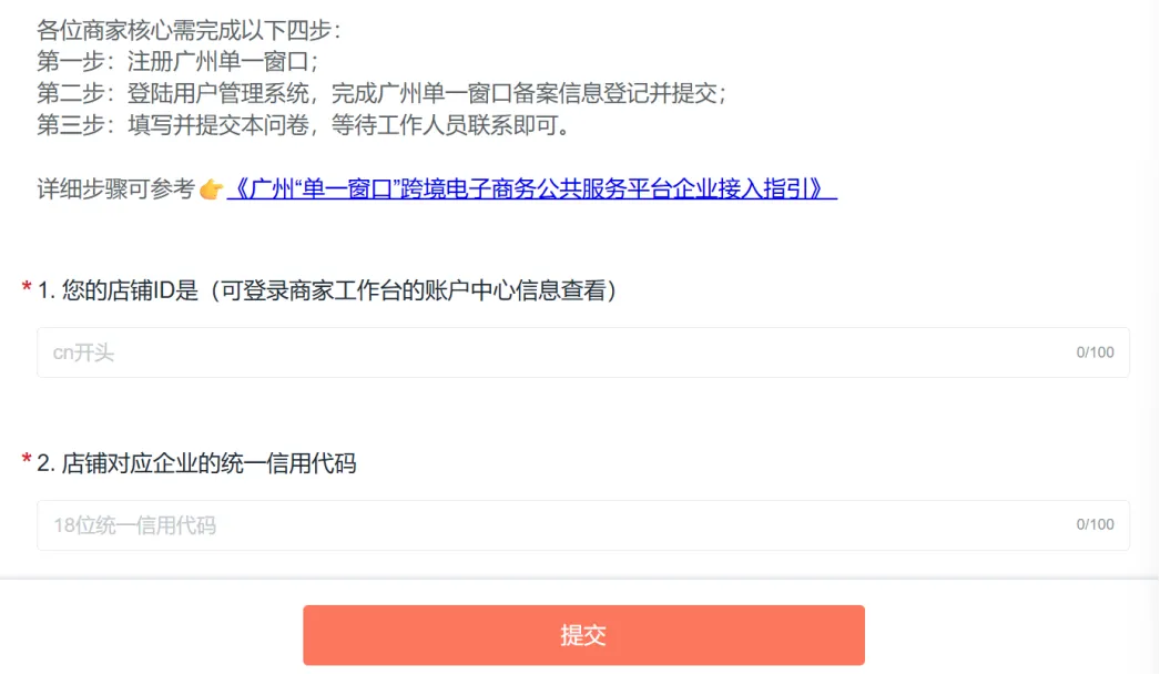 参加试点的卖家需填写相关资料,包括店铺ID、店铺所对应企业的统一信用代码,具体步骤可参照《广州“单一窗口”跨境电子商务公共服务平台企业接入指引》。
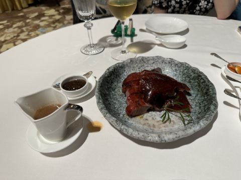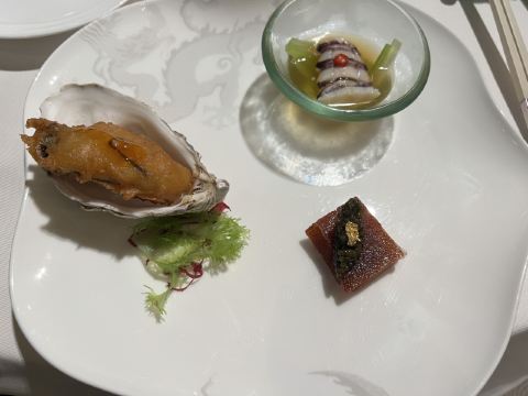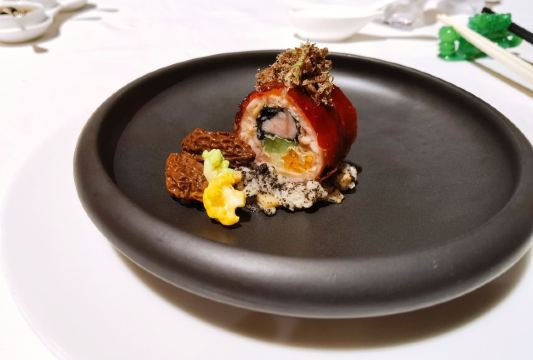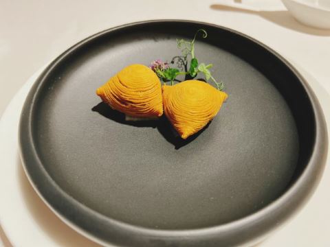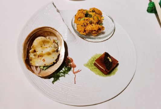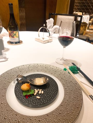 D了个Y上次来 没约到 略有遗憾 这次来之前也是早早定好了位置 又恰逢圣诞 也算是弥补了之前的遗憾 至此澳门的三家米三餐厅就算是打卡完毕了 誉珑轩位于新濠天地二层 离颐居比较近 黑金的风格 既华丽又高贵 一看就是高级餐厅的配置 进门的这条金长廊可谓霸气十足 说是金箔贴的 这一长段 嘿嘿 我只能说太霸气 很好的隔离了外界的嘈杂与喧闹 餐厅尤其注重个人的防护及客人的隐私 但凡是离开席间或打电话都会要求佩戴好口罩 拍照的时候也有服务员一路跟随并提示 不可以拍到食客 想来这里藏龙卧虎 指不定隔壁桌就坐了个谁 关于菜品我是这么觉得的 精致 细腻 丰富 但是不能简单用好吃或是不好吃来概括 因为人少不好点 索性来个圣诞季的主厨推荐 那也是极好的 |金沙软壳蟹^外脆里嫩 金黄一色 |芥末凉拌鲍鱼^芥末恰到好处 鲍鱼爽口Q弹 |黑鱼籽脆皮乳猪^黄鱼籽略咸 乳猪件皮脆肉香 |黄焖厚花胶小米汤^我一直觉得好的餐厅之所以好很大程度上取决于他们的用料 因为为了口感 他们可以不计成本 舍得用最好的料 这个花胶汤汁浓厚 花胶是软糯Q弹 个儿大 口感很好 |陈皮豉汁煮黄皮老虎斑球^一般十年陈皮都是上品了 换个三十年的你再试试 |黑松露脆皮鸡卷^皮脆肉鲜 香气扑鼻 黑松露的味道 就是上头 |香煎腊味糯米腐皮饭^外脆里糯 带有腐皮的香气 |菜蜜桃胶炖燕窝^由内而外 补血养颜了 哈哈 最后 商家还给了个小纪念品 一支誉珑轩餐厅的定制款纪念笔 哎呦不错噢
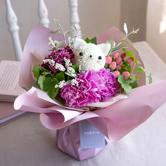 【eギフト】そのまま飾れる“こねこ”のブーケ(M)
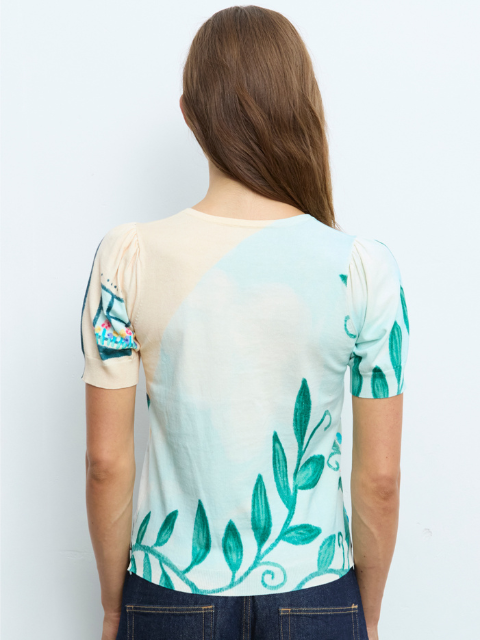 Imprimé façon aquarelle avec fenêtre stylisée et fleurs colorées, complété par des motifs végétaux sur les manches et le bas du corps.
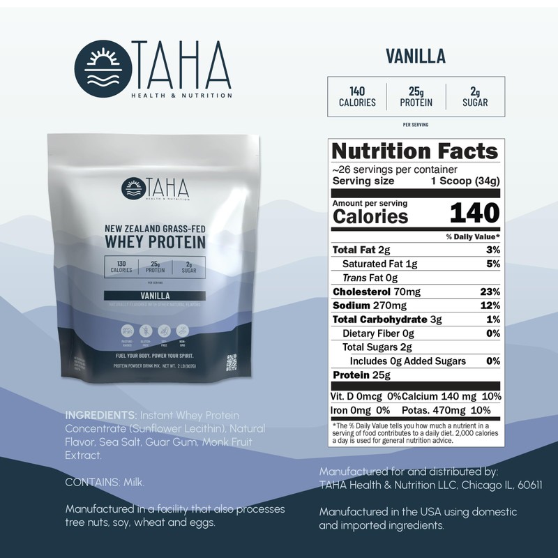 - 2 lbs of TAHA Health & Nutrition Vanilla Whey Protein Concentrate powder (26 servings). Enjoy as a pre or post-workout recovery shake mixed with water, milk, or juice, or even better add as a supplement to meals for an added protein hit.
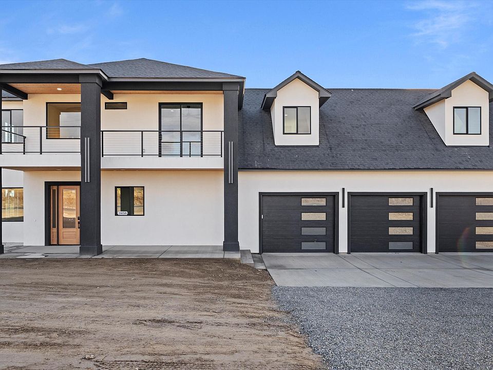 Experience unparalleled craftsmanship in this custom built 2025 luxury residence by Reynaldo's Construction. Situated on 2 pristine acres, this architectural masterpiece offers 4 bedrooms, 4 bathrooms, an executive office, and a spacious game room, encompassing 4,100 sq ft of refined living.A grand entrance sets the tone with a striking modern chandelier and engineered hardwood flooring that flows seamlessly throughout the main level. The designer kitchen is built for both beauty and performance featuring quartz countertops, a massive waterfall quartz island, gourmet appliances, a butler's pantry, and a full quartz backsplash.The living room makes an unforgettable impression with 23 foot ceilings, exposed wooden beams, an expansive window wall, and a stunning fireplace as its focal point. An exposed wooden floating staircase adds to the home's modern artistry.The luxurious primary suite offers a serene retreat with a spa inspired bathroom, complete with a garden tub, an oversized dual shower, and a large walk-in closet with an optional custom cabinet and shelving package for the buyer.The second level hosts three bedrooms, including a junior suite with a private balcony and sweeping Valley views, an additional full bath, and a generous game room ideal for entertainment.The oversized 3-car garage includes EV charging, and the exterior is designed for Northwest living with a covered porch and covered patio overlooking the Valley and mountain scenery. The property is future-ready with separate hookups for a jacuzzi, pool, shop, and automated gate.Every corner of this home showcases custom designs, premium materials, and exceptional craftsmanship, a true testament to Reynaldo's Construction.

────────────────────────────────────────

[EXERCISE OBJECTIVE]: Restate the lines of the records exactly, starting at the first and stopping after the line with "- 2 lbs of TAHA". Leave out any picture.

[PROBLEM SOLUTION]:
 参加试点的卖家需填写相关资料,包括店铺ID、店铺所对应企业的统一信用代码,具体步骤可参照《广州“单一窗口”跨境电子商务公共服务平台企业接入指引》。
 D了个Y上次来 没约到 略有遗憾 这次来之前也是早早定好了位置 又恰逢圣诞 也算是弥补了之前的遗憾 至此澳门的三家米三餐厅就算是打卡完毕了 誉珑轩位于新濠天地二层 离颐居比较近 黑金的风格 既华丽又高贵 一看就是高级餐厅的配置 进门的这条金长廊可谓霸气十足 说是金箔贴的 这一长段 嘿嘿 我只能说太霸气 很好的隔离了外界的嘈杂与喧闹 餐厅尤其注重个人的防护及客人的隐私 但凡是离开席间或打电话都会要求佩戴好口罩 拍照的时候也有服务员一路跟随并提示 不可以拍到食客 想来这里藏龙卧虎 指不定隔壁桌就坐了个谁 关于菜品我是这么觉得的 精致 细腻 丰富 但是不能简单用好吃或是不好吃来概括 因为人少不好点 索性来个圣诞季的主厨推荐 那也是极好的 |金沙软壳蟹^外脆里嫩 金黄一色 |芥末凉拌鲍鱼^芥末恰到好处 鲍鱼爽口Q弹 |黑鱼籽脆皮乳猪^黄鱼籽略咸 乳猪件皮脆肉香 |黄焖厚花胶小米汤^我一直觉得好的餐厅之所以好很大程度上取决于他们的用料 因为为了口感 他们可以不计成本 舍得用最好的料 这个花胶汤汁浓厚 花胶是软糯Q弹 个儿大 口感很好 |陈皮豉汁煮黄皮老虎斑球^一般十年陈皮都是上品了 换个三十年的你再试试 |黑松露脆皮鸡卷^皮脆肉鲜 香气扑鼻 黑松露的味道 就是上头 |香煎腊味糯米腐皮饭^外脆里糯 带有腐皮的香气 |菜蜜桃胶炖燕窝^由内而外 补血养颜了 哈哈 最后 商家还给了个小纪念品 一支誉珑轩餐厅的定制款纪念笔 哎呦不错噢
 【eギフト】そのまま飾れる“こねこ”のブーケ(M)
 Imprimé façon aquarelle avec fenêtre stylisée et fleurs colorées, complété par des motifs végétaux sur les manches et le bas du corps.
 - 2 lbs of TAHA Health & Nutrition Vanilla Whey Protein Concentrate powder (26 servings). Enjoy as a pre or post-workout recovery shake mixed with water, milk, or juice, or even better add as a supplement to meals for an added protein hit.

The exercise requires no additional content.